Monday, March 16, 2009

What If?

I do not think you are kidding yourself about planning a VBAC and this is why. Your responsibility as a mother is *not* to not have a cesarean or to have a VBAC. Your responsibility is to plan the safest birth for you, your baby and your family. That's it. Now, obviously and for lots of really legitimate and important reasons, we all hope that the safest birth for everyone involved is a vaginal birth, because no matter what the circumstances, necessary or not, surgical delivery can really suck. So the question I would ask you is this -- are you planning the safest birth you can? If your physical condition does change for the worse, will you continue to plan the safest birth you can even though doing that might be incredibly painful and disappointing? Are you doing everything you can to keep as healthy as you can? Do you understand your risk factors and how they could impact the choices you have? Are your circumstances now different from what they were the previous two times? If you answer yes to these questions, then I can't see that you are fooling yourself or kidding yourself or in any way delusional.
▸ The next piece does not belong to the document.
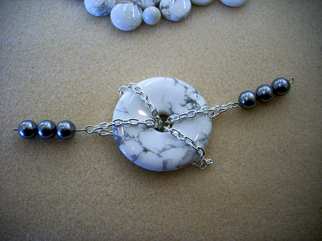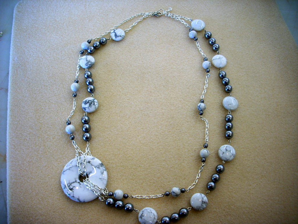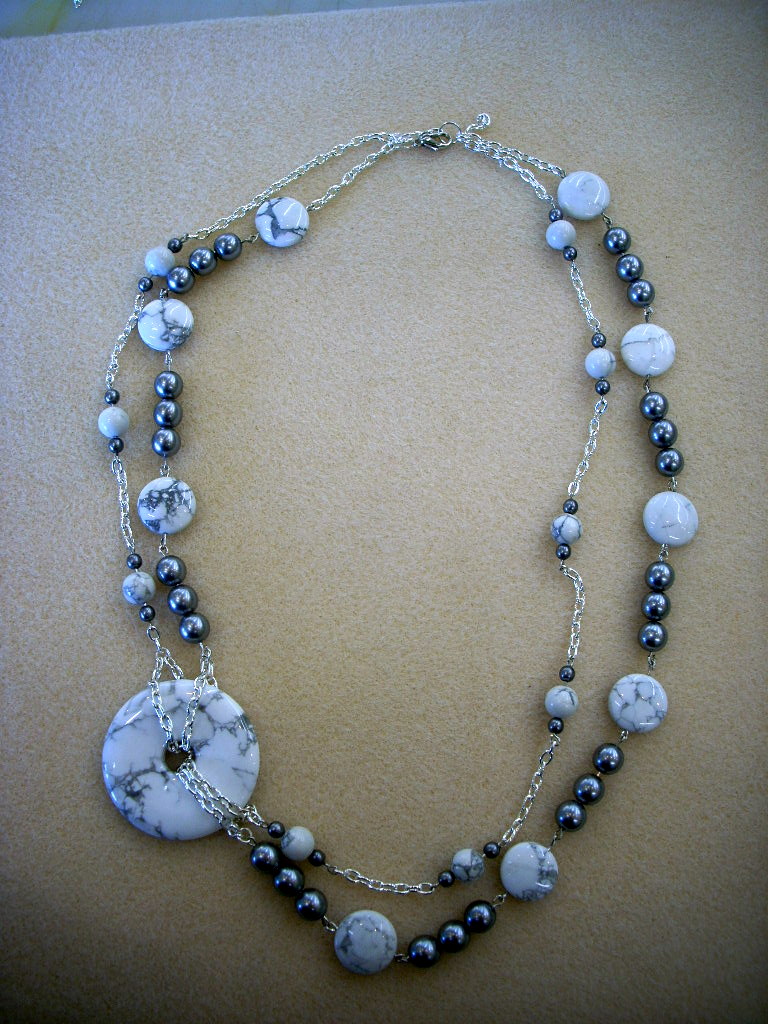 The Howlite and gray glass pearl beads in this piece give it a great high-end, sophisticated look that is actually easy to put together. Really!

The part of all this that is so hard to come to terms with is that there are very real factors that can make or break plans for a vaginal birth that are completely out of our control...boy, does that grind...but in the end, it is possible that your body will not stay healthy enough for a planned VBAC in spite of you doing everything you possibly can. It is also possible that the events of your last 2 pregnancies will NOT repeat, because this is a different pregnancy. Previous pregnancies can seem predictive but often they are not. Each pregnancy, each labor, each baby is different. That you CAN be sure of. You can't do anything at this point about having had 2 previous cesareans. Oh, we wish we could! But we can't. You can make plans with those 2 cesareans in mind, and you should. You do have control over all sorts of things. But what you (and anyone else -- ICAN, midwives, physicians) don't have control over is the final outcome.

Remember -- it is NOT about having a VBAC. It is about planning the safest birth you can. Period.